Your objective: Within the listing below, please copy exactly the lines between the line holding "Cette église présente" and the line holding "فازة زجاجية شفافة معرجة طول٢٥سم", inclusive.
----
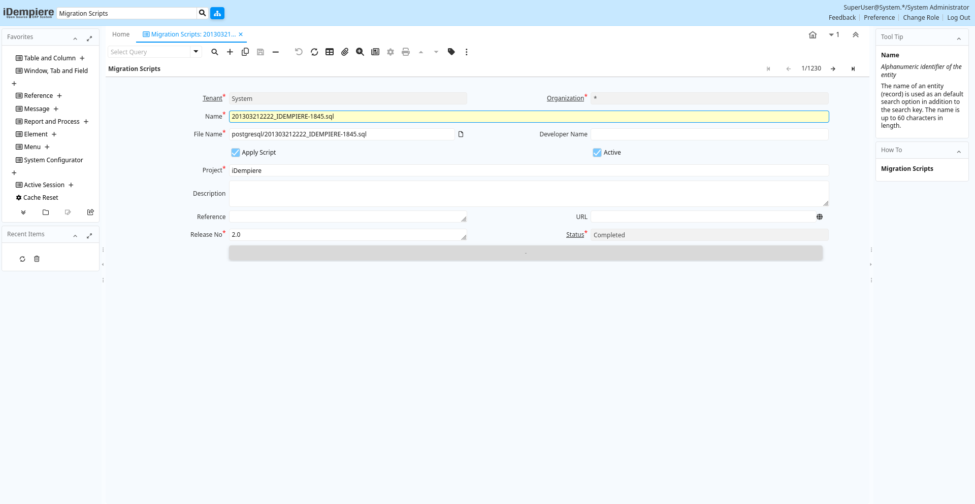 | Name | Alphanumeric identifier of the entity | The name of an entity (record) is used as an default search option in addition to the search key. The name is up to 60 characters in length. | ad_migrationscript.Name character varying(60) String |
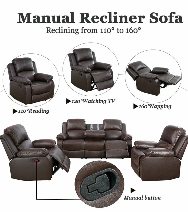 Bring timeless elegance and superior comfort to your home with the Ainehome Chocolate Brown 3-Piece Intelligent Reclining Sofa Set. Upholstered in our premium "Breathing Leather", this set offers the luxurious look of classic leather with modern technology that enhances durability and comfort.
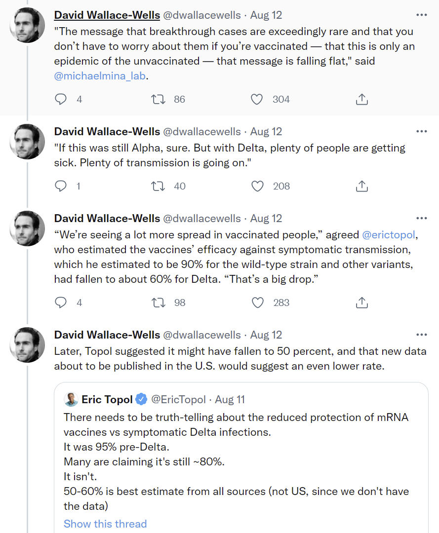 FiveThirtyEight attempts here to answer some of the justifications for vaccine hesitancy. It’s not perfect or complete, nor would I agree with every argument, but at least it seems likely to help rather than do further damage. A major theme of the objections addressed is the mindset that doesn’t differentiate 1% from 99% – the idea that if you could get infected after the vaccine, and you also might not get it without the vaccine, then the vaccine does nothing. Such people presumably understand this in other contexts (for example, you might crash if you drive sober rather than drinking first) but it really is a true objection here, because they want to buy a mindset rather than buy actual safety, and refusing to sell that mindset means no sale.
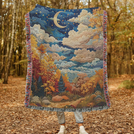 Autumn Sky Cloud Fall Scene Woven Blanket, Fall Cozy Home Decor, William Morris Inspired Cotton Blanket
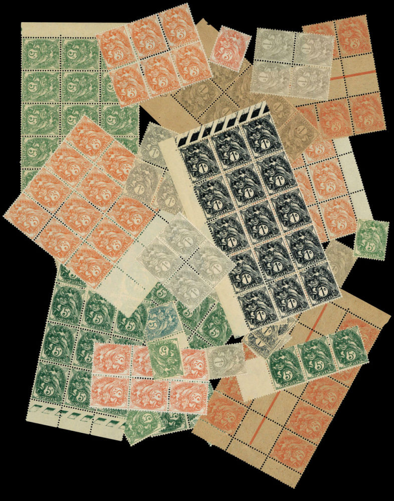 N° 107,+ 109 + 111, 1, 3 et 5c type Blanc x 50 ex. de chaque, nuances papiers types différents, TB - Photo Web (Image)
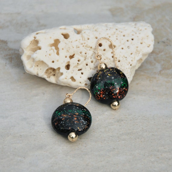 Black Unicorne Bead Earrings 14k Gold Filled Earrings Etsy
----
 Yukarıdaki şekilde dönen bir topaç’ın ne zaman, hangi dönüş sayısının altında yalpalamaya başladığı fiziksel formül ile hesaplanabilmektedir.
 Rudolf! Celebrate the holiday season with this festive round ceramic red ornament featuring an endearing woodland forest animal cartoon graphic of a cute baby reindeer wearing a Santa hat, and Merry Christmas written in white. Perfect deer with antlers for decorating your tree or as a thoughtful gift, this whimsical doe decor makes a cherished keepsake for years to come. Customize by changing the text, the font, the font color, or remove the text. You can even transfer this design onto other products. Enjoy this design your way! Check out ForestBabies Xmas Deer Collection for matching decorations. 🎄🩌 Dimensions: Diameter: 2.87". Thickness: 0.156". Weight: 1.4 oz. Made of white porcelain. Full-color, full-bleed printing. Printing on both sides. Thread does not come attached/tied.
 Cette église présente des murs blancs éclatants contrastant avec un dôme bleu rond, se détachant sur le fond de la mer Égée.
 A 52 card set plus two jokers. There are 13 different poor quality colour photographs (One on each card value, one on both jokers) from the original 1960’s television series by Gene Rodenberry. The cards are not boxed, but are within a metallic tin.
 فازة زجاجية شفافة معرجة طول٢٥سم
----
Reply to the task:
 Cette église présente des murs blancs éclatants contrastant avec un dôme bleu rond, se détachant sur le fond de la mer Égée.
 A 52 card set plus two jokers. There are 13 different poor quality colour photographs (One on each card value, one on both jokers) from the original 1960’s television series by Gene Rodenberry. The cards are not boxed, but are within a metallic tin.
 فازة زجاجية شفافة معرجة طول٢٥سم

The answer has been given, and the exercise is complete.